Tried searching google groups but apparently I am asking it the wrong
question as I can't find an example close enough to what I would like.

I have some inherited data (that is not normalised which is what is
making it hard) of customers and properties they have rented at various
times. In some cases they ahve transfered from one property to another.
The tenancies table has TenancyRef, Property Ref and Start and End Date.
The people table has PersonRef, TenancyRef, Forename and Surname.

What I am trying to do is return records that show PersonRef,
PropertyRef, TenancyRef, Forename, Surname, StartDate and EndDate which
is a bog standard query joined on the TenancyRef but I want them in
Forename, Surname and StartDate order so I can make a stab of finding
those pepople that have transfered from one property to another (and
therefore another tenancy) but have multiple people records.

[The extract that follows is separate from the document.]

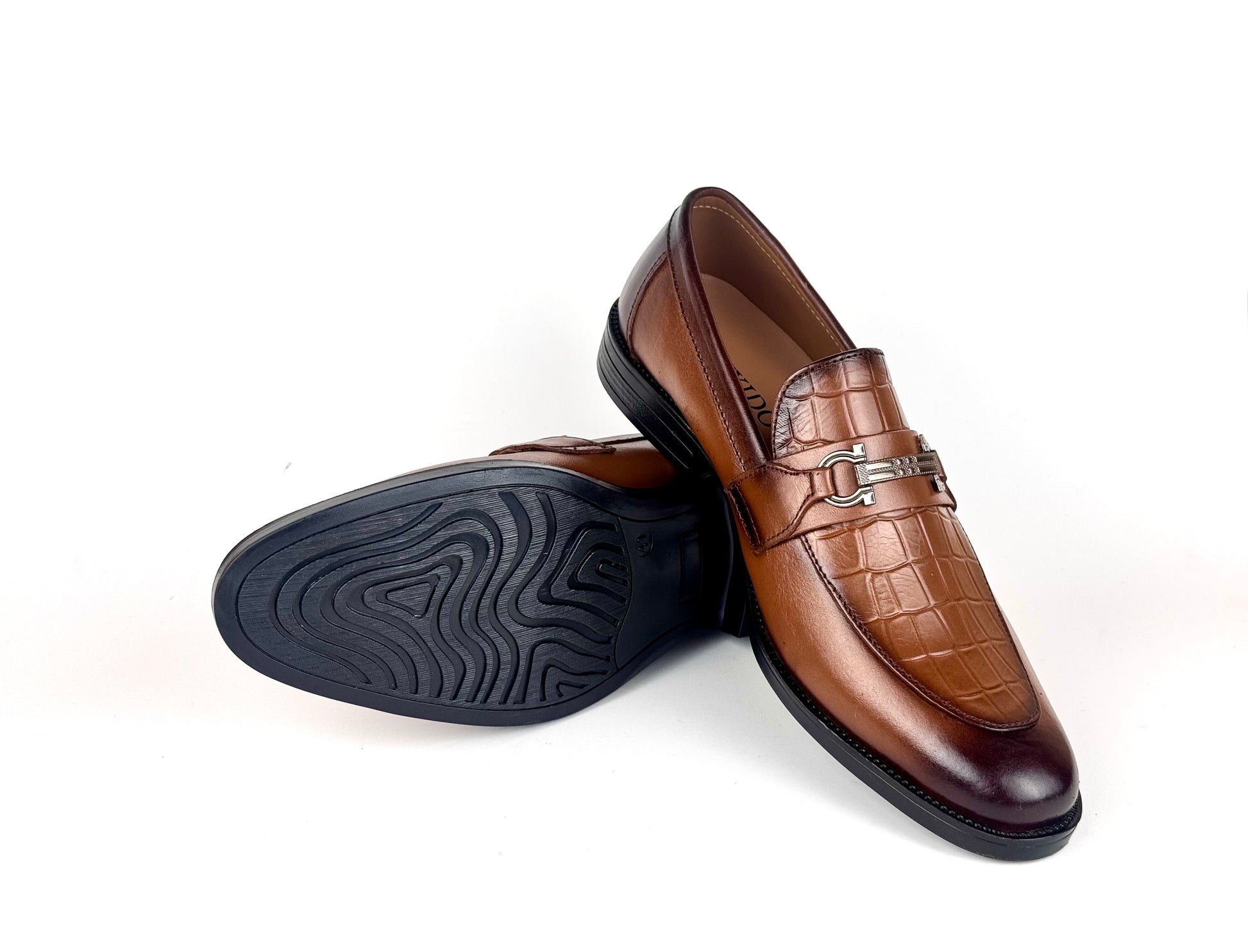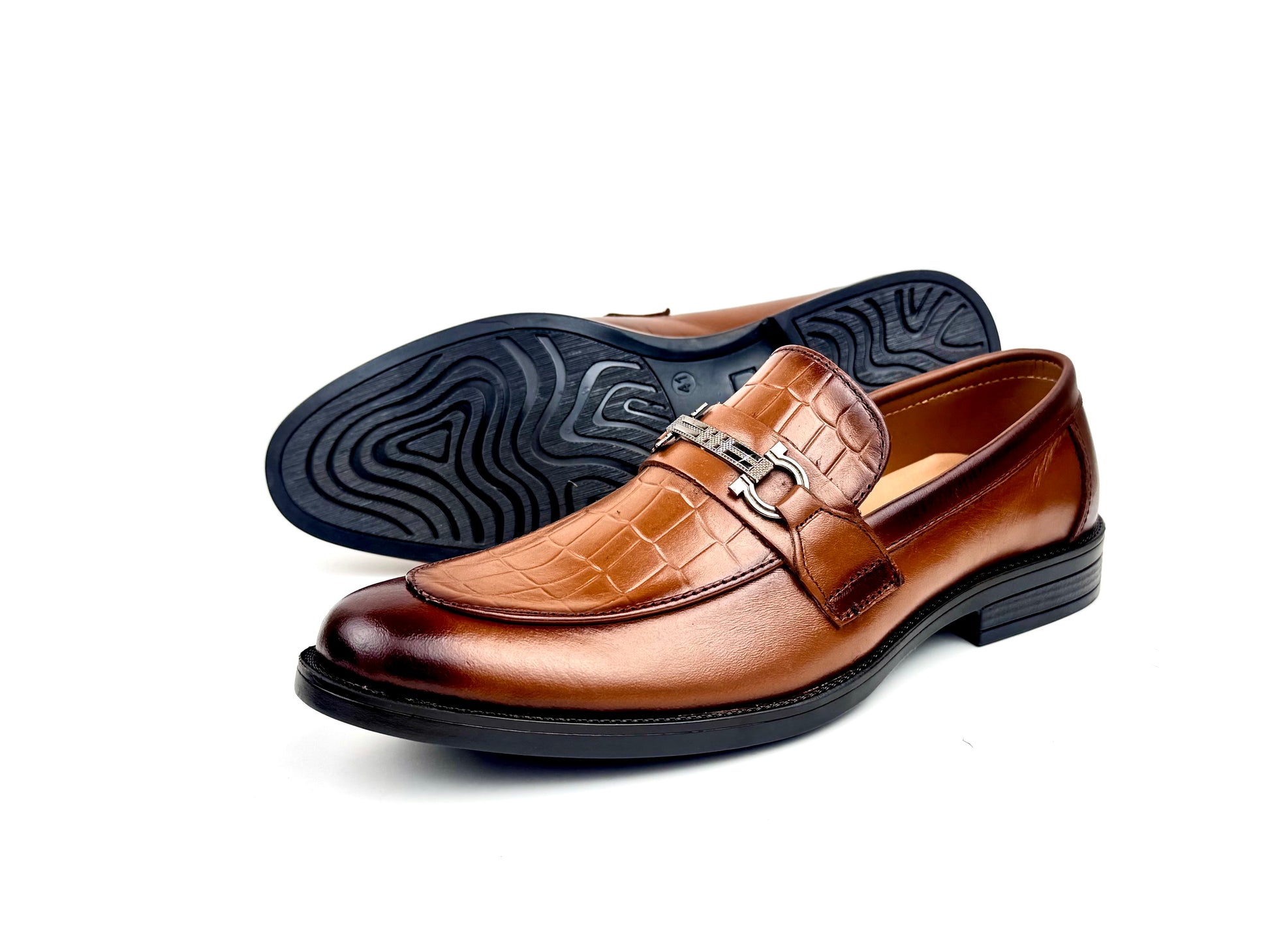 A refined men’s dress shoe crafted from soft, premium leather, highlighted by a crocodile-textured front that adds a touch of bold sophistication. The sleek metallic buckle enhances its modern appeal, creating a perfect blend of elegance and contemporary style. Designed for comfort and durability, this shoe is ideal for formal events, office wear, or any occasion where you want to stand out with timeless class.

Probably
some example data may help

PersonRef,PropertyRef,TenancyRef,Forename,SurnameRef,StartDate,EndDate
787654, 11111007, 123456, Steve, Smith, 14/06/2000, 29/05/2002
717865, 40056089, 123669, Steve, Smith, 25/01/2001, 23/10/2005
777457, 11000123, 123999, Steve, Smith, 30/05/2002, 28/02/2007
777457, 34218665, 125123, Steve, Smith, 01/03/2007, NULL

A null in the end date meeans they still live there. In the above
example there is a real good chance that the 1st, 3rd and 4th records are
the same person and we already know that the 3rd and 4th record is the
same person but there is no guarantee that this will always happen.

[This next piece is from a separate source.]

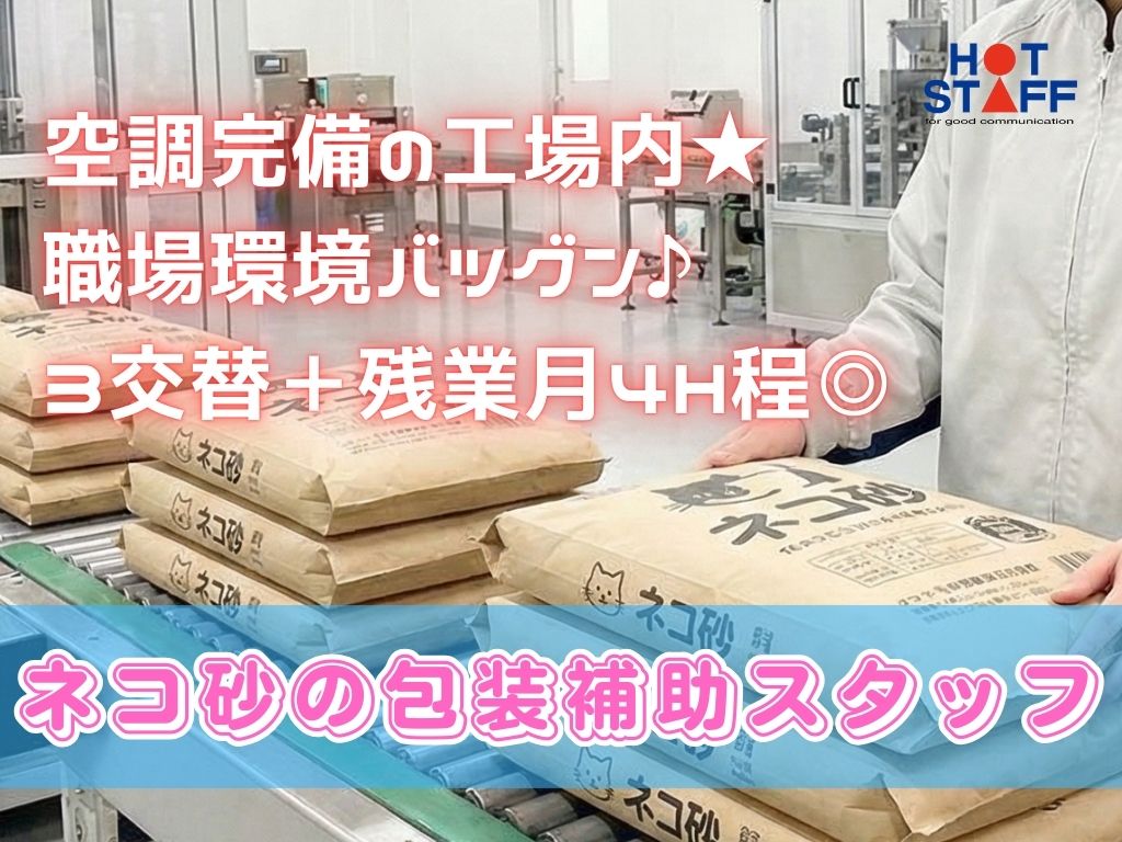 《ネコ砂の包装補助スタッフ♪》未経験歓迎/空調完備の工場内/職場環境バツグン/3交替+残業月4H程★
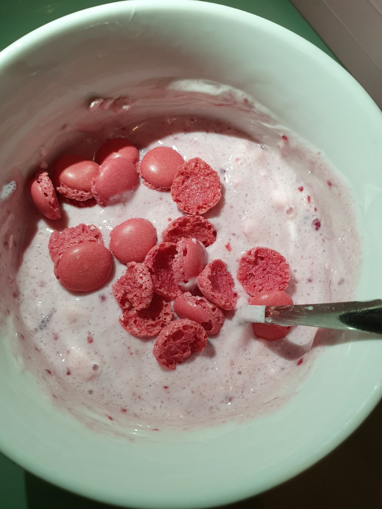 2/ Ajoutez les perles de macarons de framboisesau dessus de votre mĂ©lange et degustez đ

I think I need to use a subquery to look at previous and next records so
I only return those that are consecutive ie. in the example above the 2nd
records dates do not follow the first and do not lead to the 3rd so I
want to ignore this record and thousands of others like it. (If I just do
a duplicate query for forename and surname I get over 5000 matches which
is too many to eyeball)

Problem is I am trying to use

WHERE a.[StartDate] - 1 = b.[EndDate]

in my subquery and I am begining to suspect this is the wrong approach.

Anyone got a better idea how I can return those people with same first
and last name with consecutive dates?

BTW the dates are in UK format, sorry if it confuses anyone.